Zord menjelaskan, pergerakan turun terbaru menghasilkan wick hingga sekitar US$ 94.300, dan pada momen itu ia menutup seluruh posisi short yang dibuka dari US$ 97.200. Meski ia mengakui belum sepenuhnya yakin proses retest sudah benar-benar tuntas, ia menilai kondisi pasar saat ini tetap ‘cukup sehat’ karena harga masih bertahan di atas area dukungan utama.

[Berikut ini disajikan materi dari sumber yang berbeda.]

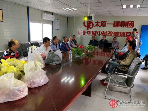 2018年6月17日上午,小雨。在端午節(jié)來(lái)臨之際,七分公司經(jīng)理郭建新、副經(jīng)理弓馬威、鄭江峰一行到分公司后北屯城中村改造項(xiàng)目,慰問(wèn)、鼓舞日夜奮戰(zhàn)在一線的職工和勞務(wù)工人,送上節(jié)日的祝福同時(shí)送上粽子、豬肉等慰問(wèn)品!郭建新在慰問(wèn)時(shí)說(shuō)道,施工一線人員的幸福就是安全,只有項(xiàng)目部安全生產(chǎn)得以保障,職工們才能好好工作,好好生活。項(xiàng)目部管理人員一定要同勞務(wù)人員團(tuán)結(jié)在一起,凝聚戰(zhàn)斗力,主動(dòng)發(fā)揮安全管理能動(dòng)性,在安全生產(chǎn)月期間扎扎實(shí)實(shí)將安全工作開(kāi)展好、落實(shí)好。分公司副經(jīng)理弓馬威、鄭江峰分別發(fā)表慰問(wèn)講話,鼓勵(lì)大伙同心協(xié)力、加油干!項(xiàng)目經(jīng)理武志文,勞務(wù)隊(duì)代表紛紛表示一定在保證安全生產(chǎn)的前提下,努力將質(zhì)量、進(jìn)度控制好,趕上去,用實(shí)際行動(dòng)回饋分公司的關(guān)懷。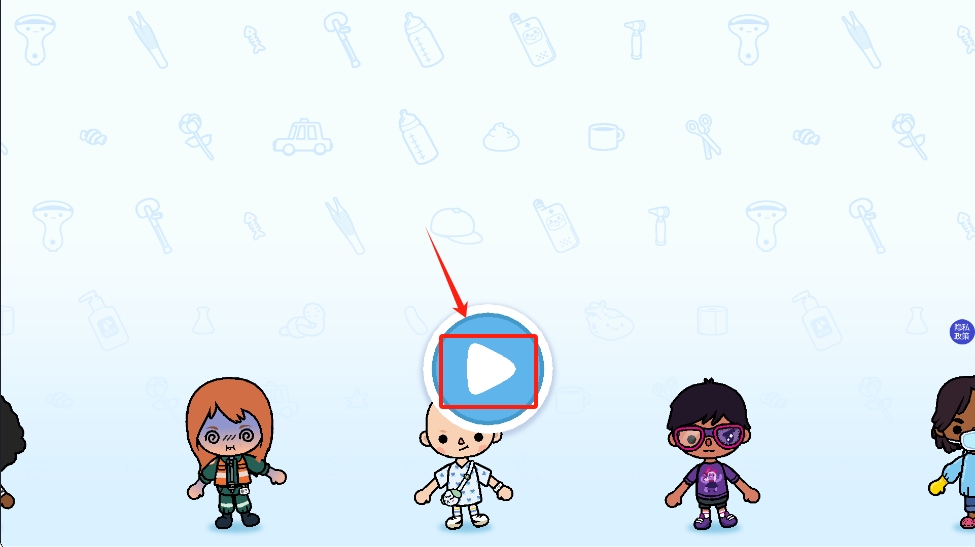 1、选择角色后,点击中间的播放按钮开始游戏,进入下一步。
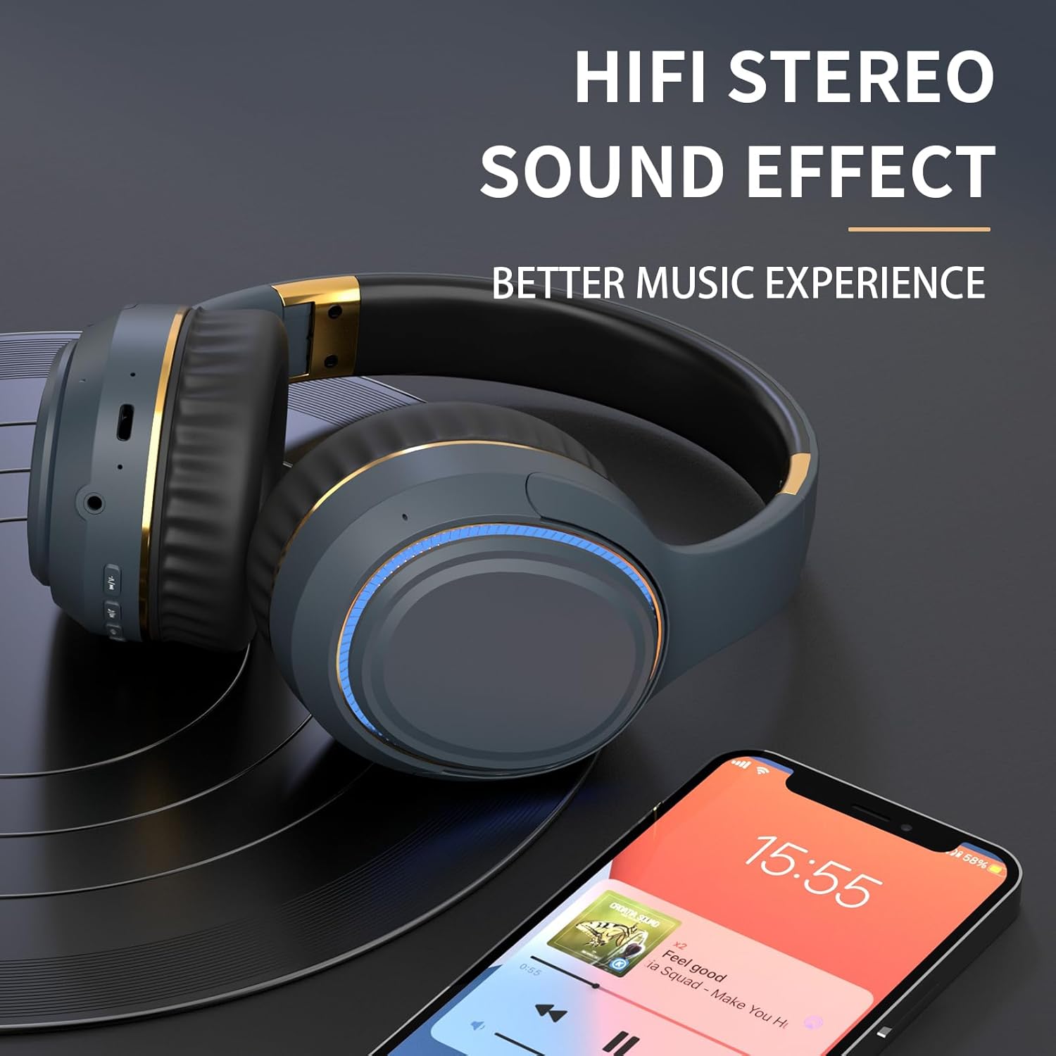 Bluetooth Headphones with RGB Lights, Foldable Wireless Over-Ear Headphones with Hidden Mic for Cell Phone, PC, Laptop, Suitable for Music, School, Workouts, and Gaming (Blue)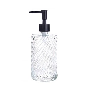 An elegant and practical glass soap dispenser with a smooth-action pump mechanism. Crafted from clear glass with a subtle twisted pattern, it combines functionality with a modern aesthetic. |
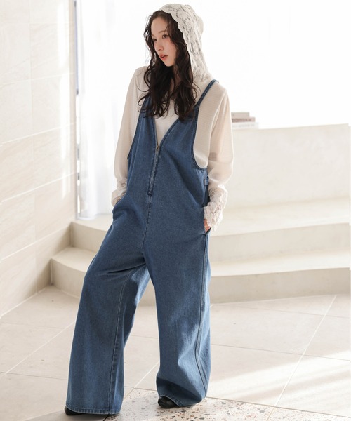大人カジュアルな着こなし叶える抜け感サロペットビスチェ風トップとVネックの抜け感デザインがさりげなく女性らしさを引き立てるサロペット。ゆるっとしたシルエットとすっきり見えの絶妙なバランスで、カジュアルながら上品な印象に仕上がります。Point 01スタイルアップ叶う美シルエットストンと落ちるワイドなストレートシルエットが縦のラインを強調し、すっきりとした印象に。ウエストの切り替えのないシルエットで身体のラインを拾いにくく、細見え効果も◎Point 02こだわりのディティールで着こなし自在華奢な肩紐とフロントジップがトレンド感と機能性を両立。ジップの開閉で印象チェンジも楽しめ、インナー次第でロングシーズン活躍してくれるアイテムです◎■Fabricデニム生地:柔らかくしっかりしたデニム生地ツイル生地:柔らかく、肌なじみの良いコットン混生地---------------------透け感:なし裏地:なし厚さ:普通伸縮性:なし---------------------※肩紐調節可能※サイドポケットあり(ヒップポケットはフェイク)▼《お気に入り登録》でお得な情報がいっぱい▼・「商品のお気に入り登録」で再入荷通知や、ラストの通知、セール通知も受け取ることができます。・「ブランドのお気に入り登録」で新商品や再入荷など、お得な情報を受け取ることができます!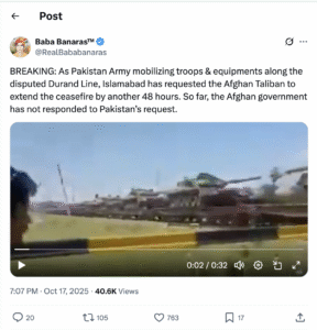 On 17 October, an X user, well-known for spreading disinformation, posted a video (archive) that apparently showed Pakistan moving its forces and equipment to the Pakistan-Afghanistan border during the recent deadly clashes between the two countries. The screenshot below shows the post making the claim: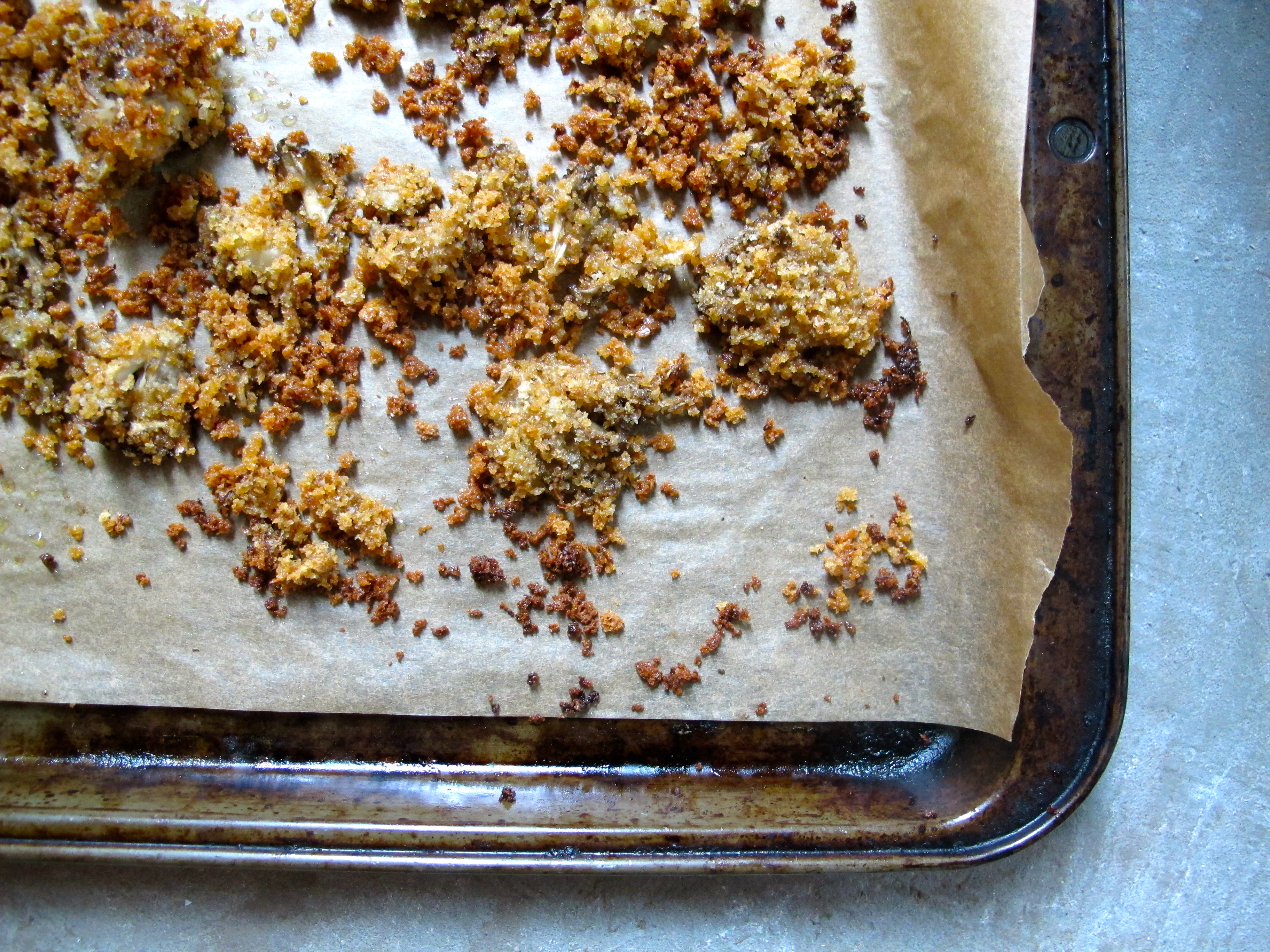 In a mixing bowl, combine olive oil and minced garlic. In a separate mixing bowl, combine bread crumbs and sea salt and pepper. Dip maitake in the olive oil mixture and then dredge in the bread crumbs being sure to let any excess oil drain off the mushrooms before dredging. Place on a baking sheet lined with parchment paper and bake at 400 degrees for about 20 minutes until they are sizzling and golden brown. When done, remove from the oven and let cool.

“Preferensi saya adalah melihat satu kali sentuhan lagi ke arah US$ 93.400 untuk menyempurnakan retest,” ungkap Zord.
Namun, pesan utamanya lebih tegas, yakni selama Bitcoin tetap bertahan di atas US$ 93.400 dan US$ 92.000 ia menilai tidak ada alasan untuk mencari posisi short.
“Dalam skenario bearish, trader justru lebih baik menunggu ‘upper sweeps’ terlebih dulu,” ujarnya.
Sebagai inforrmasi, upper sweep merupakan pergerakan ke atas yang menyapu likuiditas sebelum membuka peluang short yang lebih masuk akal secara struktur.
Baca Juga: Momentum Bitcoin Memudar, Perdebatan Bull vs Bear Menguat
Sementara dalam postingan sebelumnya, Zord menyebut bahwa peta ‘max pain’ bisa membantu trader melihat di mana pasar paling mungkin ‘menyakitkan’ posisi yang terlalu padat. Dari situ, trader bisa menentukan area eksekusi yang lebih masuk akal.
Berdasarkan data yang ia bagikan, Bitcoin saat ini berada di kisaran US$ 95.093. Di atas harga, area short max pain terlihat di kisaran US$ 98.090, sebuah zona yang secara praktis sering menjadi ‘magnet likuiditas’ ketika pasar ingin menyapu posisi sebelum menentukan arah. Di bawah harga, long max pain terlihat di sekitar US$ 93.389, level yang berpotensi menjadi tujuan pullback ketika pasar melakukan pembersihan posisi long leverage.
“Memahami letak max pain membuat trader tidak asal mengejar harga,” kata Zord.
Menurutnya, jika pasar bergerak naik, maka kandidat ‘sweep’-nya adalah area sekitar US$ 98.000 yang bisa memicu reaksi tajam, baik untuk melanjutkan tren setelah penyerapan likuiditas, maupun menjadi tempat pembalikan jika pembeli gagal menindaklanjuti.
Sebaliknya, bila pasar melemah, zona bawah yang berdekatan dengan level-level struktural penting (termasuk pembukaan tahunan) berpotensi menjadi area uji yang menentukan apakah pembeli masih benar-benar bertahan.
“Pasar sering bergerak menuju titik yang paling ‘menghukum’ posisi ramai,” pungkas Zord.
Sebelum memutuskan untuk berinvestasi pada mata uang kripto, senantiasa lakukan riset karena kripto adalah aset volatil dan berisiko tinggi. Cryptoharian tidak bertanggung jawab atas kerugian maupun keuntungan anda.